Não feche seus olhos esta noite
Não há ilusão, otimismo, inocência, amor nem alegria nos poemas nem na prosa poética da gaúcha Maira Parula. Em Não feche seus olhos esta noite, seu livro de estréia, o humor, quando existe, é ácido; a insanidade é o estado normal das coisas e a morte, tão misteriosa e certa, é um tema mais inspirador e excitante que a vida, submersa em tédio e inércia. Mas se a autora consegue transformar os males da sociedade moderna em beleza literária, é sinal de que nem tudo está perdido, então.
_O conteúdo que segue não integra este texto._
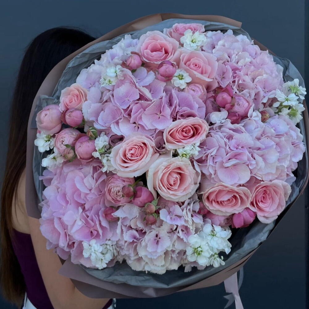 Eustoma - 10 pcs Spray rose - 10 pcs pink hydrangea - 5 pcs roses pink - 10 pcs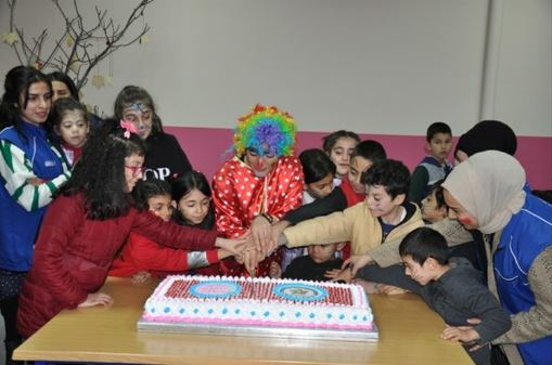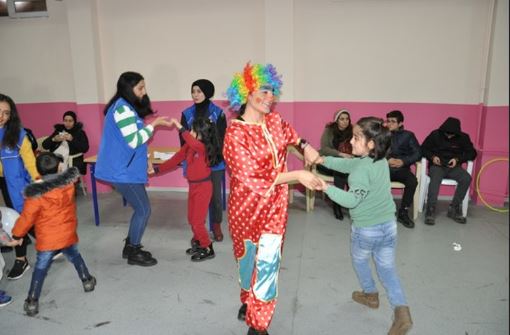 Fen lisesindeki çok amaçlı salonda düzenlenen etkinlikte öğrenciler, palyaçolar eşliğinde oyun oynayıp eğlendi.

"Espero que goste de meus poemas e me desculpe se eles não são muito intelectuais. Eu faço versos para serem entendidos de imediato, como quem lambe um sorvete na janela", diz Maira Parula em um de seus textos, a carta de uma escritora iniciante a um editor. Como o próprio trecho destacado indica, o trabalho da autora é direto e, ao mesmo tempo, profundo. Que o digam suas diferentes vozes narrativas: a mulher que morreu de vergonha aos poucos; a que hoje dobra origamis, em vez de papelotes de cocaína; a que tentava mudar a sociedade com uma metralhadora, mas queria chegar em casa cedo; a garota que chega inchada e peluda à puberdade e se corta com uma lâmina, não apenas para se depilar, mas também por ter a esperança de que seu corpo se esvazie como um balão de aniversário.
No livro, Deus é uma figura sempre questionada. A autora declara: "A temporada de caça está aberta. Procuro Deus vivo ou morto. Pago bem." Mas o que está em questão não é tanto Sua existência, mas Seus atos e Sua lógica. "Deus é um morcego / Cego e sonolento / Que vê o mundo de pernas para o ar", ela escreve. Jesus também não escapa do julgamento da escritora: "Estava coberto de boas intenções, vá lá, mas foi um bocado tolo e exibicionista. A humildade pomposa dos profetas chega a parecer arrogância."